National and regional authorities, together with Nissan, also picked Spanish electric motorcycle manufacturer Silence and local engineering firm QEV Technologies - which leads an electric vehicle production hub integrated by Swedish manufacturers Inzile and Volta - to negotiate the fate of two smaller plants.
Nissan's three Barcelona plants employ around 3,000 people directly and 20,000 indirectly.
But only 1,600 direct jobs are at stake since the rest of the workers will benefit from early retirement and other measures, a CGT union source told Reuters.
The source said Great Wall was interested in the larger plant and would study whether it might have use for the other two, while Silence and QEV Technologies are only interested in the smaller factories.

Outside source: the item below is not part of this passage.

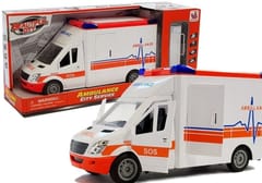 Idealnie odwzorowany ambulans. Auto dopracowane w każdym szczególe, wnętrze wyposażone jest we wszystkie elementy prawdziwego pojazdu takie jak kierownica, deska rozdzielcza, siedzenia. Pojazd posiada dźwięki oraz efekty świetlne, włączane przyciskami umieszczonymi na dachu pojazdu. Auto posiada napęd typu power friction. W pojeździe otwierają się drzwi boczne i tylne oraz posiada zdejmowany dach. Dodatkowo w zestawie znajdują się rozkładane i wyjmowane nosze ratownicze. Autko jest lekkie i ładnie wykonane, zasilane bateriami, które dołączono do zestawu. Pojazd posiada gumowe koła. Rewelacyjna karetka do przewodu pacjentów lub innych zadań podczas akcji ratowniczej.

"We are convinced we will be able to find solutions that are beneficial to everyone," Nissan's industrial head in Spain, Frank Torres, said in a statement.

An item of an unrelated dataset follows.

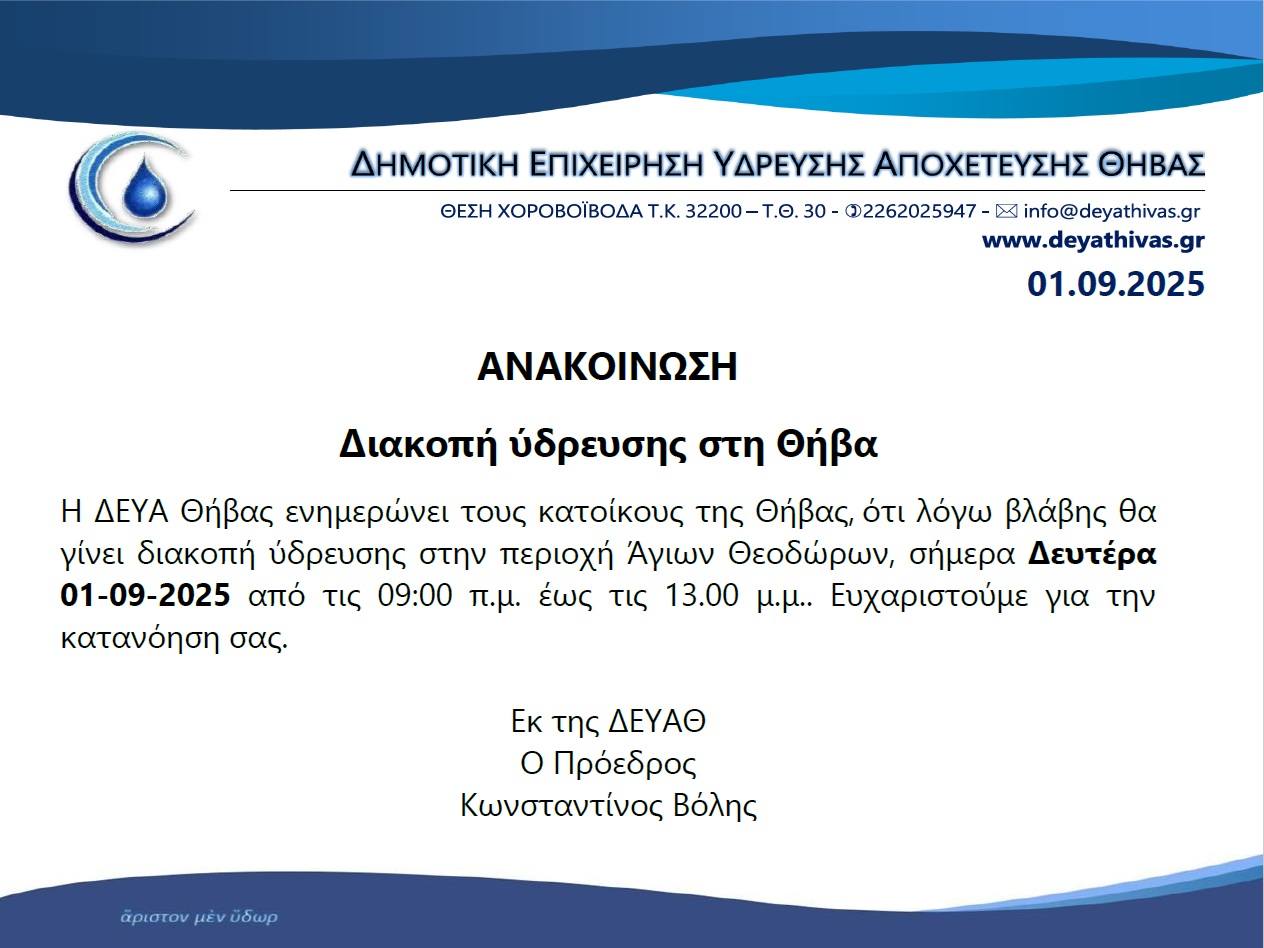 Ανακοινώσεις ΔΕΥΑΘ, Νεα, Νέα – Ανακοινώσεις Ανακοίνωση διακοπής υδροδότησης σήμερα στην περιοχή Αγίων Θεοδώρων Θήβας Posted by dimosthivas 01/09/2025 On 01/09/2025

In a severe blow to Spain, Europe's second-largest car producer, Nissan announced last year it would shut its three factories as part of a global restructuring.

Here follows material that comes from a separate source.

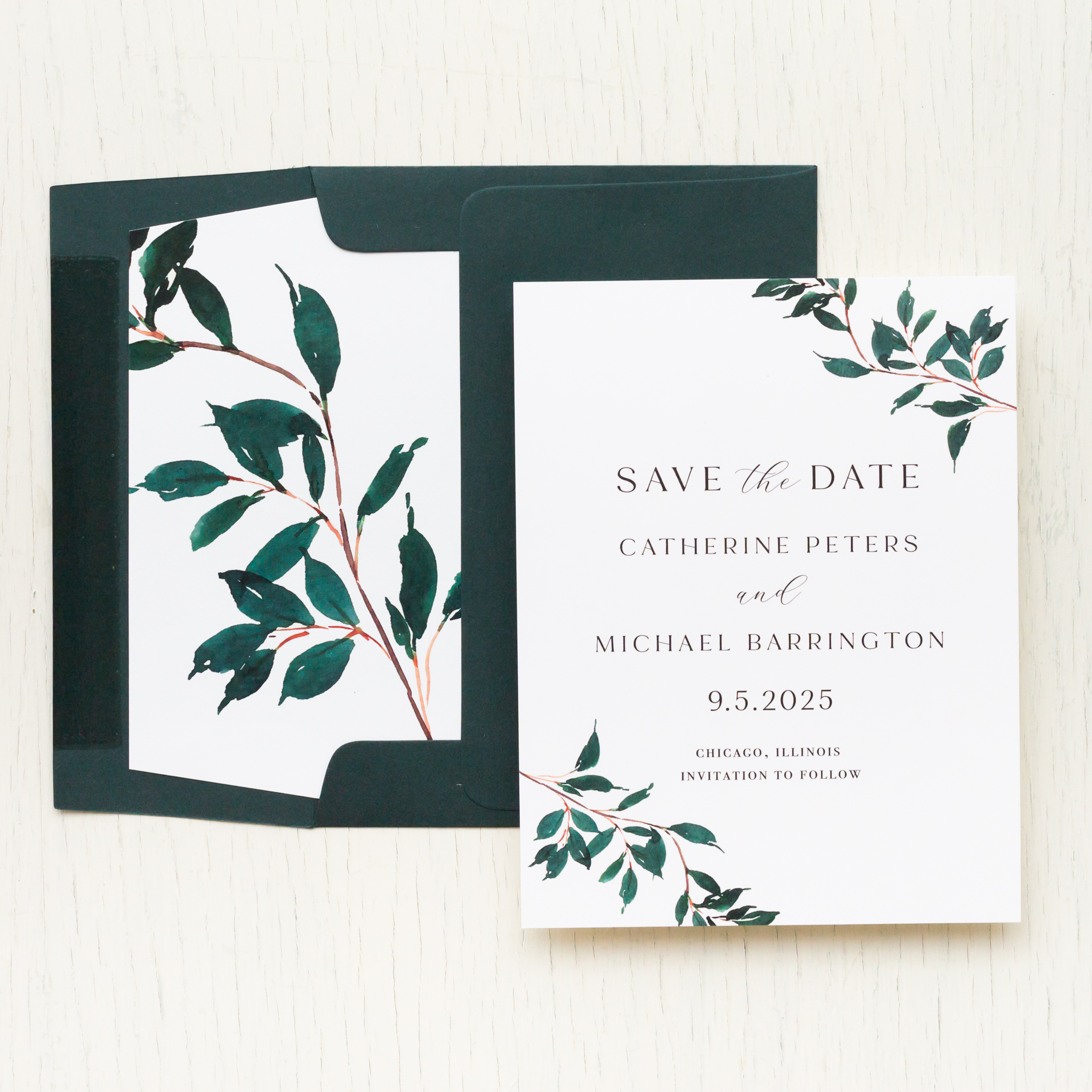 To calculate pricing for these modern forest green save the dates, click on the place your order button below.

It initially said the plants would close by December 2020 but later pushed the date back a year, as it started looking for an alternative industrial project with authorities.
Great Wall Motor has not made public its plan for the factories, but a source with knowledge of the talks said it could keep around 1,300 jobs.
A project presented by Belgian carmaker Punch for Nissan's plants has been left out of the upcoming negotiations, although officials said no option was fully excluded.